Provided records:
►

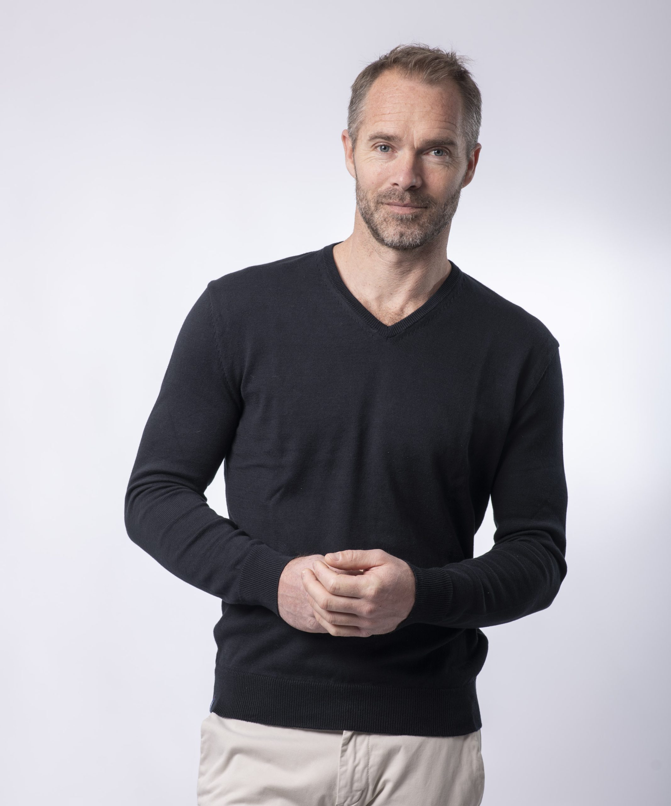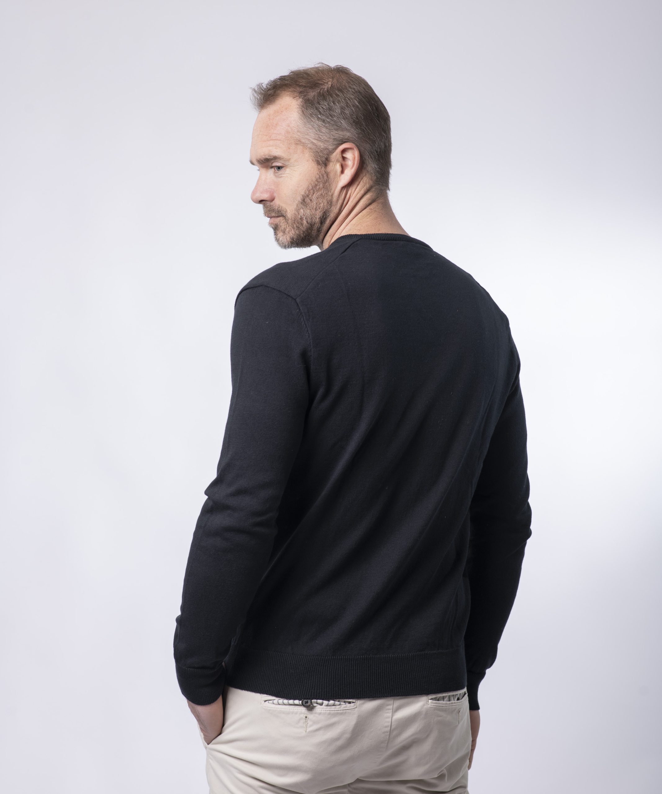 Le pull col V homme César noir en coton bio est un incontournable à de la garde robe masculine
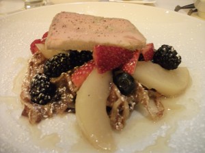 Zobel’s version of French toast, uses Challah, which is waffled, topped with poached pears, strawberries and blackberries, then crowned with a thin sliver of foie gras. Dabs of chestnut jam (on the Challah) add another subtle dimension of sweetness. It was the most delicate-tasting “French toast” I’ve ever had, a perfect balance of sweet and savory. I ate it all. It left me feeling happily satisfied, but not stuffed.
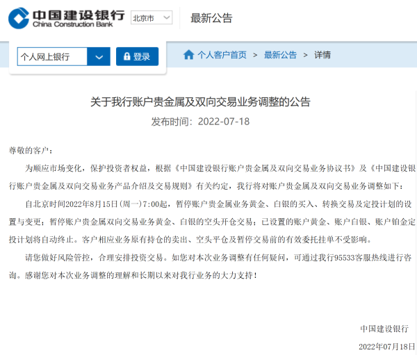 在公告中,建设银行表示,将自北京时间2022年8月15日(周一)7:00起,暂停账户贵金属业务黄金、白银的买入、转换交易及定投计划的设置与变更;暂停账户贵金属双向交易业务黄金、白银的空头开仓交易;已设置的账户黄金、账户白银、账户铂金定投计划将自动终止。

◄
►

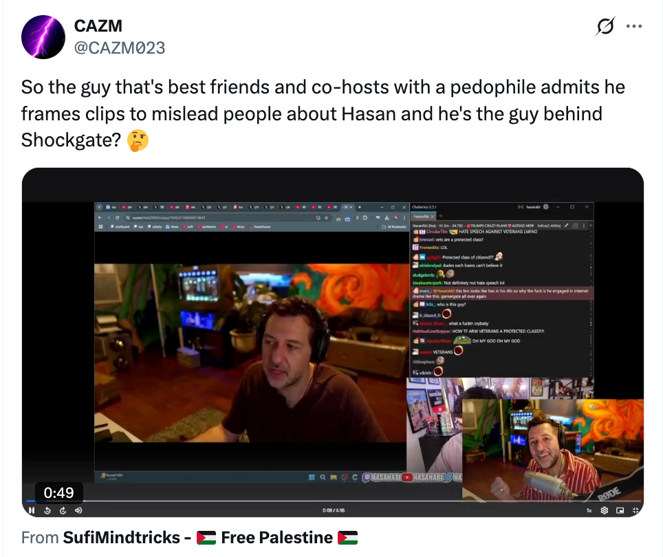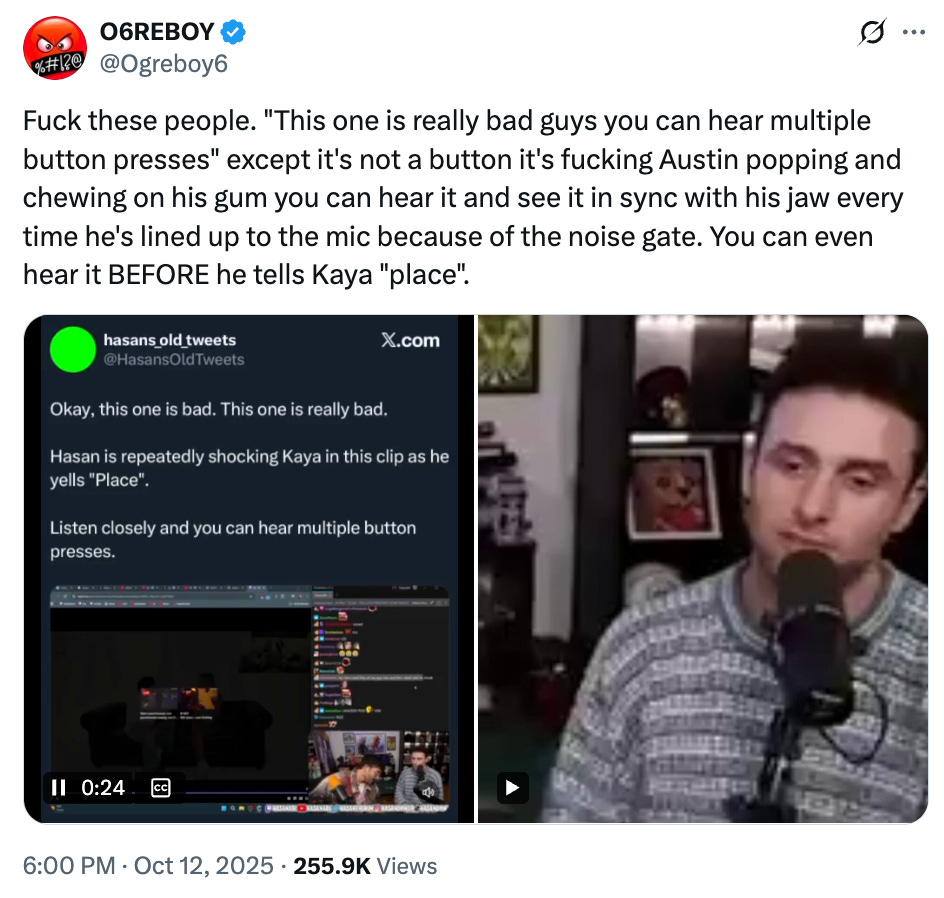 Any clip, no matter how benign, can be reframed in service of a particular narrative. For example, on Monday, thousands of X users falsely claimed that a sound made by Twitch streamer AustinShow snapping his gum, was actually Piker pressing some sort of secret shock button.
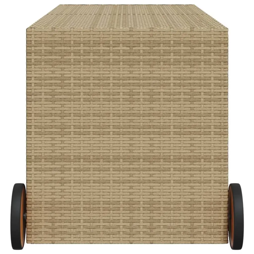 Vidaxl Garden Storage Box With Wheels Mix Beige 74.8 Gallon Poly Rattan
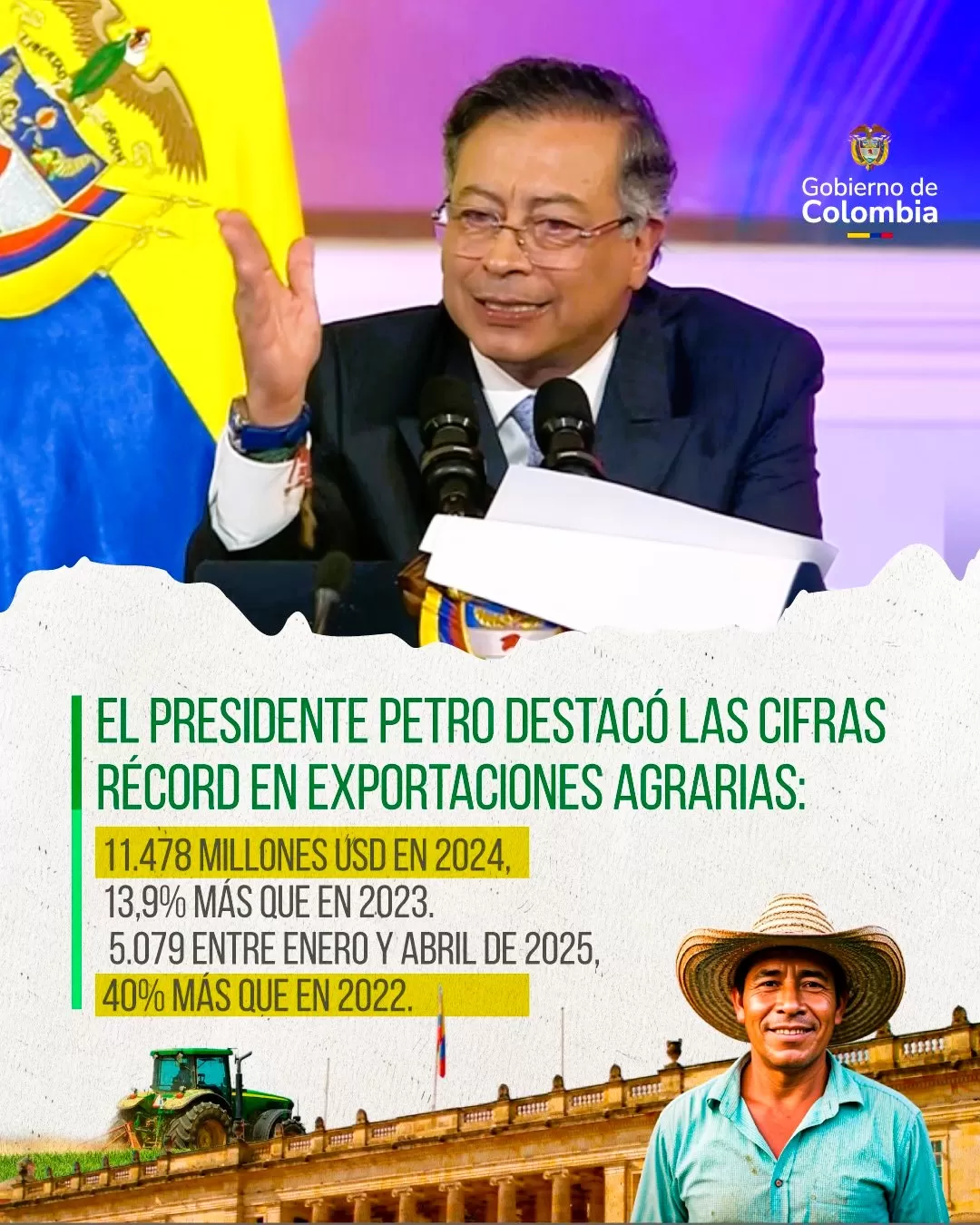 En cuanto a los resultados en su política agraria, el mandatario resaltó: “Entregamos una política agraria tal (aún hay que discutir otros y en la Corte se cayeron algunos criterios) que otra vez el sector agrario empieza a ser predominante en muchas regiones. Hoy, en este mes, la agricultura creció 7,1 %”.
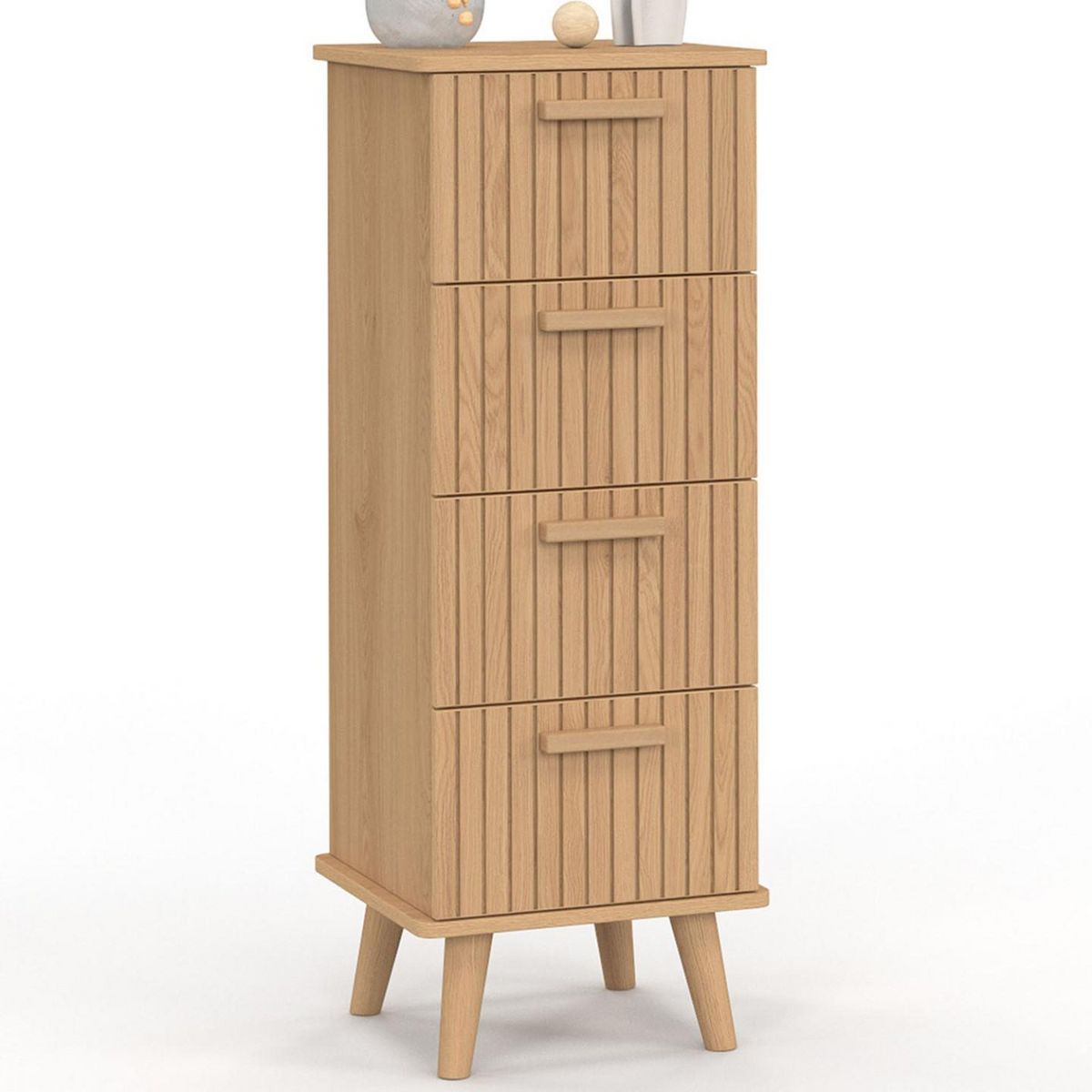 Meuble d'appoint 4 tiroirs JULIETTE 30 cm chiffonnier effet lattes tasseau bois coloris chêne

◄
►

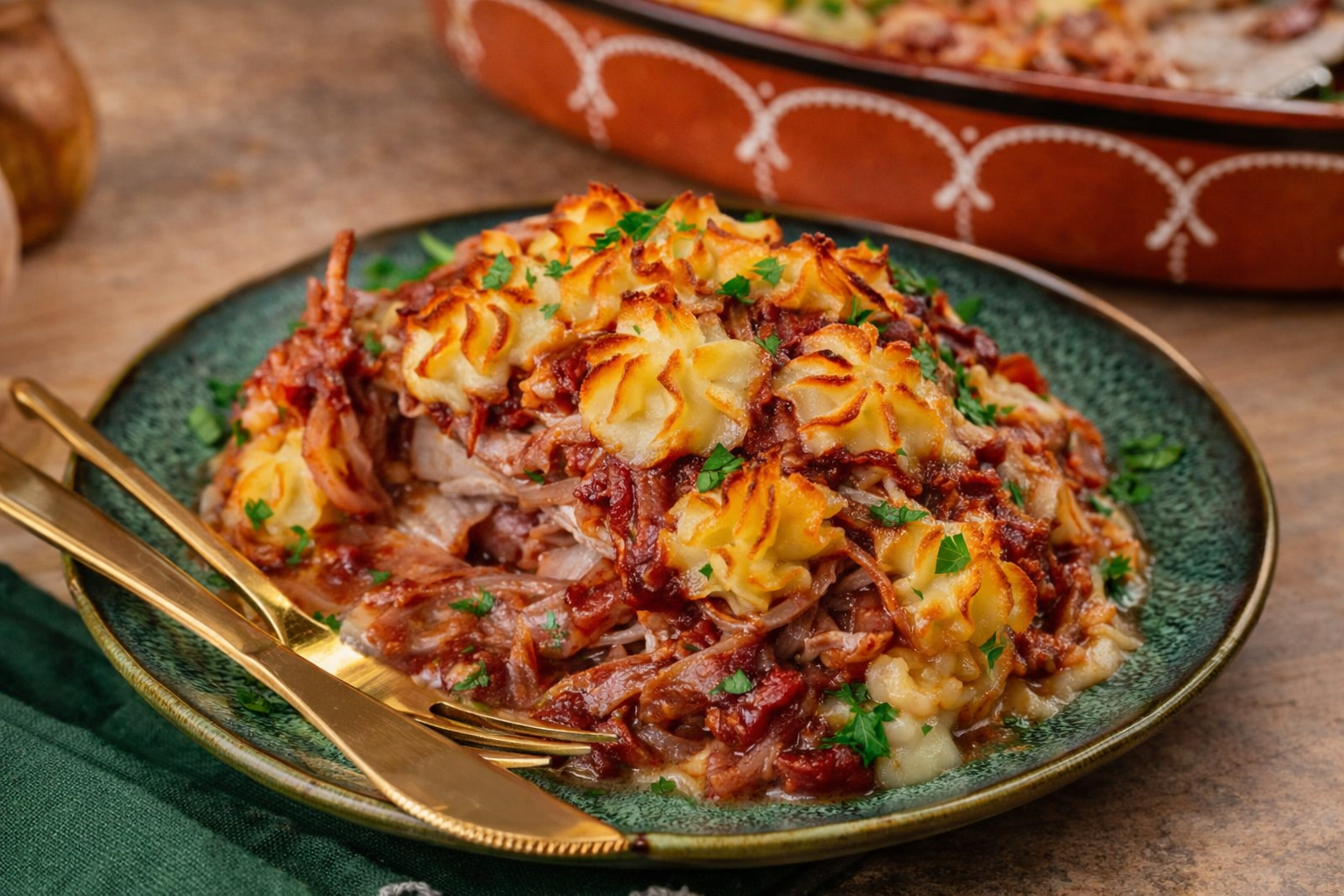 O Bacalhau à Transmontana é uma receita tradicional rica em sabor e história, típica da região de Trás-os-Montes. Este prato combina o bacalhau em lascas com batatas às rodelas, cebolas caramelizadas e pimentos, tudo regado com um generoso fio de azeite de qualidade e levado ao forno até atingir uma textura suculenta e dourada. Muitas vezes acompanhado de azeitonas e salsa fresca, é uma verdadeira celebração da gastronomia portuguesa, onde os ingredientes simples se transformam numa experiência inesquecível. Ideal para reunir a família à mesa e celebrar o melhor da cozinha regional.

◄

Task item:
Give again, exactly as written above, every line from the one holding "Any clip, no" to the one holding "Meuble d'appoint 4", with both ends kept and the pictures left out.

Completed exercise:
 Any clip, no matter how benign, can be reframed in service of a particular narrative. For example, on Monday, thousands of X users falsely claimed that a sound made by Twitch streamer AustinShow snapping his gum, was actually Piker pressing some sort of secret shock button.
 Vidaxl Garden Storage Box With Wheels Mix Beige 74.8 Gallon Poly Rattan
 En cuanto a los resultados en su política agraria, el mandatario resaltó: “Entregamos una política agraria tal (aún hay que discutir otros y en la Corte se cayeron algunos criterios) que otra vez el sector agrario empieza a ser predominante en muchas regiones. Hoy, en este mes, la agricultura creció 7,1 %”.
 Meuble d'appoint 4 tiroirs JULIETTE 30 cm chiffonnier effet lattes tasseau bois coloris chêne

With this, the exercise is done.